I chose to store such information in PostgreSql. I have a table Order with relations to an OrderTransaction, to an OrderItem Table relation which itself links to Item Table I have a table Offer which is linked to multiple Table: OfferDiscount (which represents the type (Buy 1 Get 1, Flat Discount on the whole order....) and value of discount), OfferAudience, which represents

Most queries would need to load the items for the Order and all the relations for the Offer. There are not high risk of concurrrent writings to those tables.

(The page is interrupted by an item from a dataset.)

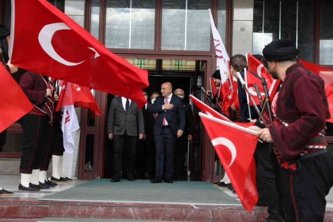 Atatürk ve silah arkadaşlarının yazdığı kahramanlık destanının Türk gençleri için örnek teşkil ettiğine dikkati çeken Altınok, "Atatürk, İngiliz ve Amerikan mandasını reddetmiş, Türk esir yaşamaz, "Ya istiklal ya ölüm" diyerek Milli Mücadele'yi başlatmış ve kazanmıştır. Siperler Çanakkale'de 6 ve 8 metredir. Şehit olacağını göre göre ölüme koşan yiğitlerin kanıyla sulanmıştır bu topraklar. Siperlerde ay ve hilal şehitlerimizin üzerine düşmüştür. Bayrağımızın rengi şehitlerimizin kanıdır. Bu nedenle bayrağımız yüce ve kutsaldır. Atatürk gençlere "Atanı, tarihini ve geçmişini tanıdıkça kendinde büyük işler başarmak için güç ve kudret bulacaksın" diyor" açıklamasında bulundu.

Should i serialize information from those relations directly in the main table (Order, Offer) in postgre Json format for faster access and simplification. This would also help the fact that if for instance OfferDiscount rows are deleted, that would not affect past data of Offers that would contain also some fields from OfferDiscount directly in its row.

Currently I have:

@Entity()
class Order {
  @PrimaryGeneratedColumn()
  public id?: number;

  @Column()
  public total: number;

  @Column()
  public discount: number;

  // TODO : Serialize ?
  @OneToMany(() => OrderItem, (orderItem) => orderItem.order)
  public items: OrderItem[];

  // TODO : Serialize ?
  @OneToMany(
    () => OrderTransaction,
    (orderTransaction) => orderTransaction.order
  )
  public transactions: OrderTransaction[];

}

I have been suggested to serialize the data as following as the order is immutable once created:

@Entity()
class Order {
  @PrimaryGeneratedColumn()
  public id?: number;

  @Column()
  public total: number;

  @Column()
  public discount: number;

  @OneToMany(() => OrderItem, (orderItem) => orderItem.order)
  public items: OrderItem[];

  @Column({type: 'jsonb', array: true, nullable: true})
  contentItems: object[];

  @OneToMany(
    () => OrderTransaction,
    (orderTransaction) => orderTransaction.order
  )
  public transactions: OrderTransaction[];

  @Column({type: 'jsonb', array: true, nullable: true})
  contentTransactions: object[];

}

Is that a good practice to store data as such, as it will indeed simplify query fetching only one table without all the relations as well as prevent loss of the orginal data if the relation row is changed.

Thanks!

No, that is not good practice.

Create several normalized tables with foreign key relationships and regular data types and store the data that way. That will make for simpler SQL statements, which will lead to better performance.

Relational database are optimized for joining tables with many row in them.